Only one span is wanted from the lines below: from the one with "Cleanup finds the" up to and including the one with "[ファイル]-[新規]-[C/C++プロジェクト]を選択". Copy it exactly, without images.

- [Listed entries]
------------------------------------------------------------------------

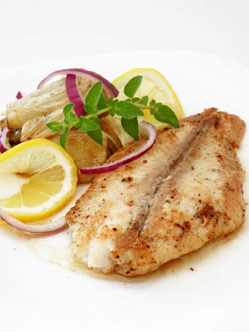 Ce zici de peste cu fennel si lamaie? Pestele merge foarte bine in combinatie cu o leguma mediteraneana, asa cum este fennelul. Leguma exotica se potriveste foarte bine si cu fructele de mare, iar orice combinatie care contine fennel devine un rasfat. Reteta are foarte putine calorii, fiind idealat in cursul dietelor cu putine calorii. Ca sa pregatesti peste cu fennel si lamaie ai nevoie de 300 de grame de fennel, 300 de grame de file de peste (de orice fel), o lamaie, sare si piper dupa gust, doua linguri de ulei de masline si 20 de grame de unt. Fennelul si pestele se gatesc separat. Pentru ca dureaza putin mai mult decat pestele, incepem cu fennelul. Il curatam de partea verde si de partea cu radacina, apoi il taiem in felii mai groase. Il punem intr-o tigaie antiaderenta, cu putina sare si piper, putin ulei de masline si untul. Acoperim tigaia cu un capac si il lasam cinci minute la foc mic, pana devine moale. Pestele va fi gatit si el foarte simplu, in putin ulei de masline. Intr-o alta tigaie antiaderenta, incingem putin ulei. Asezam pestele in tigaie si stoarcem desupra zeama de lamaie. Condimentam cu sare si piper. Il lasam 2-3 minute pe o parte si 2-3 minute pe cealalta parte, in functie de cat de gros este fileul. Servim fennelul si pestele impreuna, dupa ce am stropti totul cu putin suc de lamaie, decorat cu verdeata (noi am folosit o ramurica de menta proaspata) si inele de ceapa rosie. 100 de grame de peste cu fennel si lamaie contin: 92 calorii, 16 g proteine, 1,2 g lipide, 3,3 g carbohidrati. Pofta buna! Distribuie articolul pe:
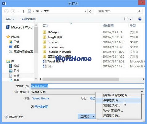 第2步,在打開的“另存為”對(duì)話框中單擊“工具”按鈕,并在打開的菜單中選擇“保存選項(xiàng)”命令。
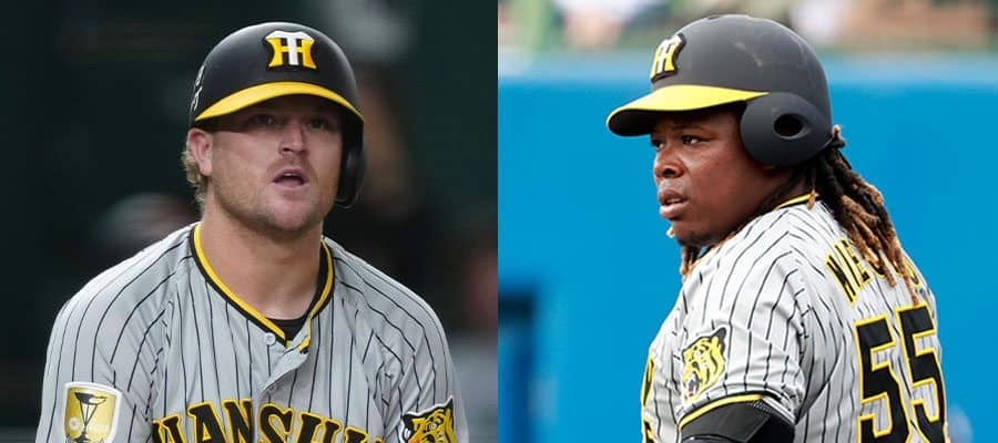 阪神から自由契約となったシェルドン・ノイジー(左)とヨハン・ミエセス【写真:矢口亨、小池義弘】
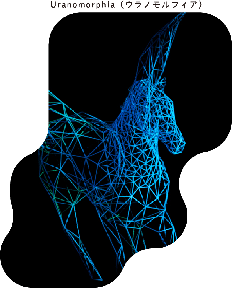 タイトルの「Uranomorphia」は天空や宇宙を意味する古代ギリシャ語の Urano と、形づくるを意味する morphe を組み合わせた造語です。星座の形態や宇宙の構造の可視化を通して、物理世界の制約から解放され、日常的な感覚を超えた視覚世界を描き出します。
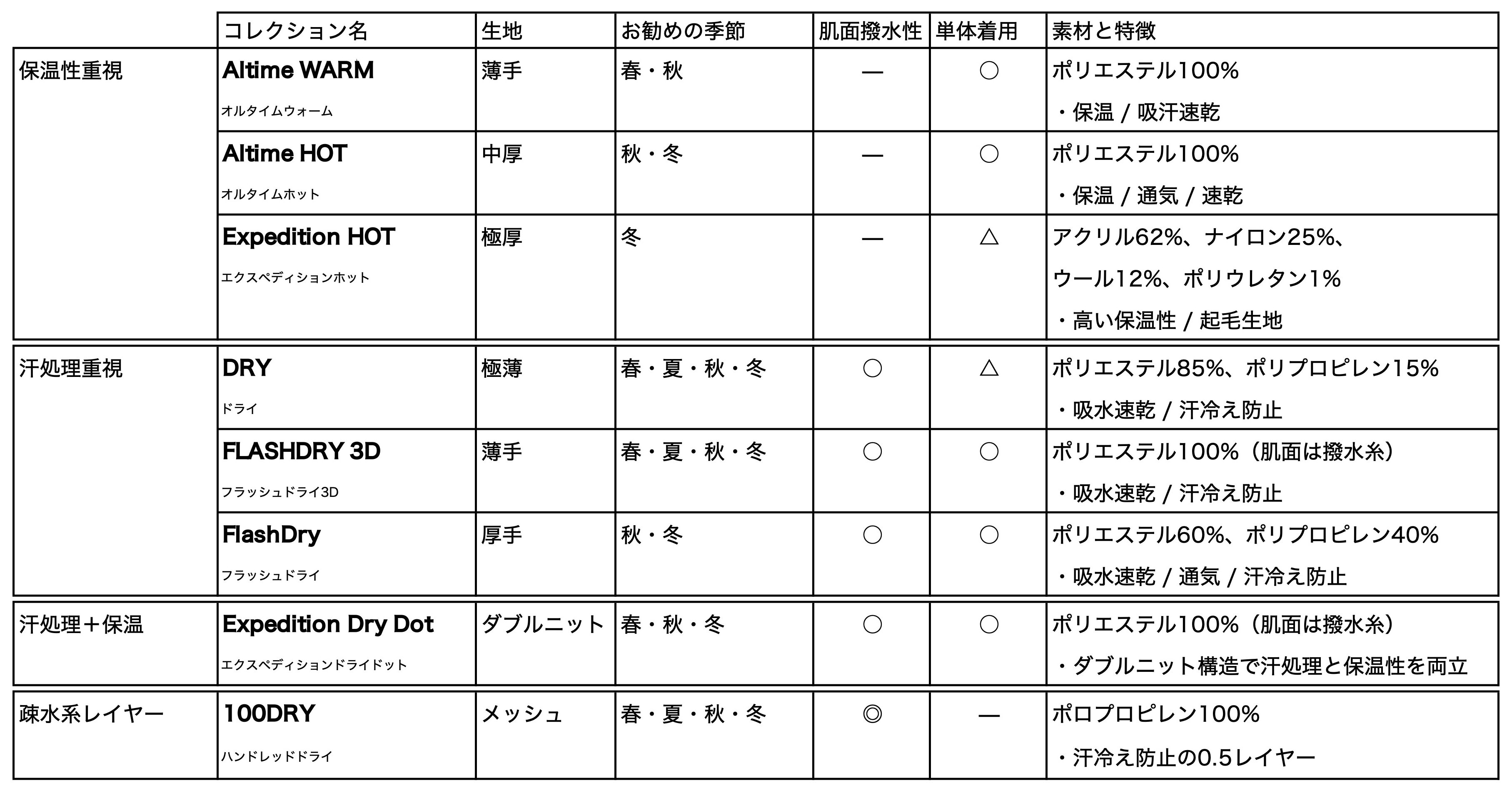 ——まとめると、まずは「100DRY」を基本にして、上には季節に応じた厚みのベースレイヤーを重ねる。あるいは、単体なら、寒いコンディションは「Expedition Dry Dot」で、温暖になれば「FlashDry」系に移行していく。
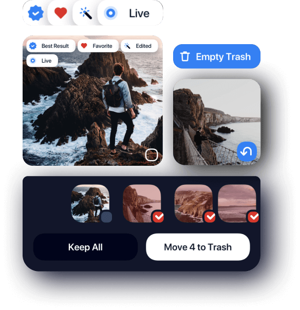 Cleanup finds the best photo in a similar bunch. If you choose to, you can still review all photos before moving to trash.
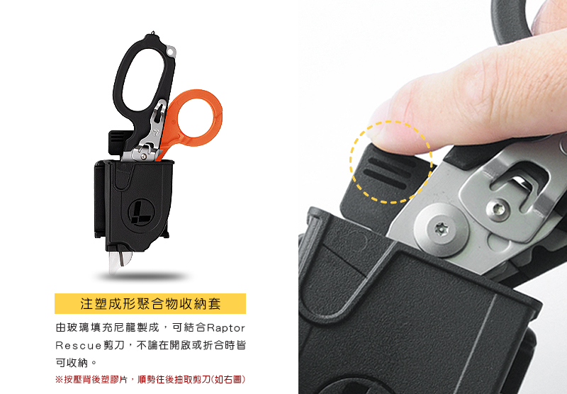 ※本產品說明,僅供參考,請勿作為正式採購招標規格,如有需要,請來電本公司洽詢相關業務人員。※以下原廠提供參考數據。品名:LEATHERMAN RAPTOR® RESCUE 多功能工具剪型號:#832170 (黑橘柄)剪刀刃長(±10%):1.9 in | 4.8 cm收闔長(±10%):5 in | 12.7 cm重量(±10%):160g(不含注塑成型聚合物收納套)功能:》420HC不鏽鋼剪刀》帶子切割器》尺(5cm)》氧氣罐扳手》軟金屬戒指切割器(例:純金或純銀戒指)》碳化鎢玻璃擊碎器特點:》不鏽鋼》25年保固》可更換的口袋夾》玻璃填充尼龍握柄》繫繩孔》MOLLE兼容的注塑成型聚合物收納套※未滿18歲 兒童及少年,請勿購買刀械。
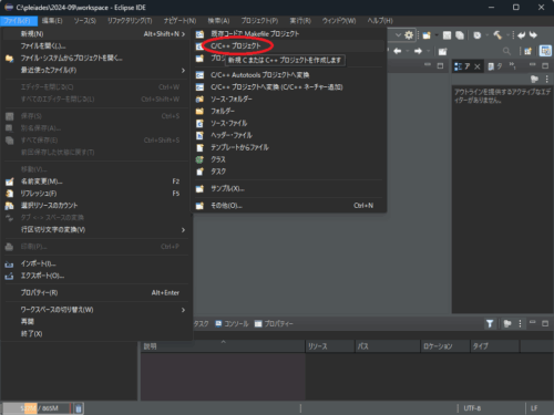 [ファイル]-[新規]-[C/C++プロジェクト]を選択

------------------------------------------------------------------------

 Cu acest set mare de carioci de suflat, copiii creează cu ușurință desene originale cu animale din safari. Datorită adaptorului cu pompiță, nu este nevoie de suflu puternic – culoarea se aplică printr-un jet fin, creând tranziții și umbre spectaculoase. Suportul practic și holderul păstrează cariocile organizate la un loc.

------------------------------------------------------------------------

- [Answer to the exercise]
 Cleanup finds the best photo in a similar bunch. If you choose to, you can still review all photos before moving to trash.
 ※本產品說明,僅供參考,請勿作為正式採購招標規格,如有需要,請來電本公司洽詢相關業務人員。※以下原廠提供參考數據。品名:LEATHERMAN RAPTOR® RESCUE 多功能工具剪型號:#832170 (黑橘柄)剪刀刃長(±10%):1.9 in | 4.8 cm收闔長(±10%):5 in | 12.7 cm重量(±10%):160g(不含注塑成型聚合物收納套)功能:》420HC不鏽鋼剪刀》帶子切割器》尺(5cm)》氧氣罐扳手》軟金屬戒指切割器(例:純金或純銀戒指)》碳化鎢玻璃擊碎器特點:》不鏽鋼》25年保固》可更換的口袋夾》玻璃填充尼龍握柄》繫繩孔》MOLLE兼容的注塑成型聚合物收納套※未滿18歲 兒童及少年,請勿購買刀械。
 [ファイル]-[新規]-[C/C++プロジェクト]を選択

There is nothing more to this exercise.